電子的ヒトリゴト

心理学が好きなゲイのブログ。主に読書、考察、心理学、SOGIなど

ゲイアプリに関すること(2)

 関連する記事をご紹介いただいた

 上記の記事を書いたあと、id:cazxxxさんに関連する記事をご紹介いただいた。ありがとうございます。とても助かりました。それは、以下の記事である。

 

読んだ感想

 非常に素晴らしい論考であった。著者のかずかずさんは、ゲイアプリの特徴を見事に描きだしている。それは、僕がいままで感じてきたことであり、言語化したいことであった。そのため、この記事は僕にとって非常に価値がある。また、このゲイアプリの現象は、構造的な問題であり、セクマイ全体にも当てはまる。そのため、この記事で考察されている事柄は、セクマイの新たな課題を考察するうえで実際的および学術的に価値があるだろう。

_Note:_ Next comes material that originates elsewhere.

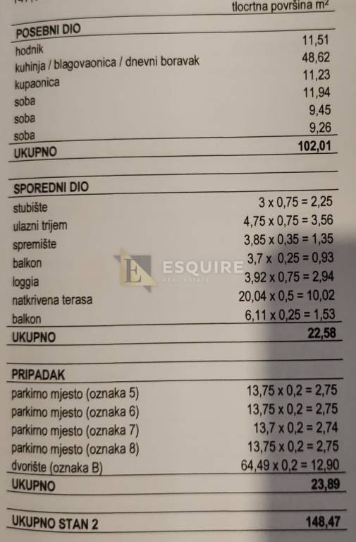 BIBINJE - Prodaje se trosoban stan ukupne unutarnje površine 102,01 m², uz pripadajuća 4 parkirna mjesta od kojih su 3 natkrivena te spremište.

 参考文献がないのが少し惜しい。かずかずさんが何を参考に考察を進めていったのかが、この現象に関心がある僕にとっては少し気になる。かずかずさんのバックグラウンドについて詳しく存じ上げないのだが、かずかずさん自身の内的体験だけでここまで見事にゲイアプリの現象について記述的に述べられているのだとしたら、同じ完成度の論考は僕には到底できない(泣)。ただ、本文中で言及されているように『「ゲイコミュニティ」の社会学』と『ゲイという経験』をかずかずさんが読んでいるのは確かだ。

 

内容に対する言及

 最後のほうで、かずかずさんはゲイアプリと就活の類似性について指摘している。ここから示唆されることは、他にも同様の構造を持つ活動があるということだ。それらは共通の構造に従っているのだから、より社会的なものとしてこの構造の問題点を取り上げることができる。ただし、物事というのはたいてい二義的である。1つの物事には良い面と悪い面の両方があるのと同じように、1つの物事には普遍性と特異性がある。そのため、より社会的な構造としてこの問題点を指摘する際にも、ゲイアプリの特異性を忘れてはならない。

 このゲイアプリの現象、あるいはその周辺的な現象については、のちに僕の考えが熟したときに再び取り上げたい。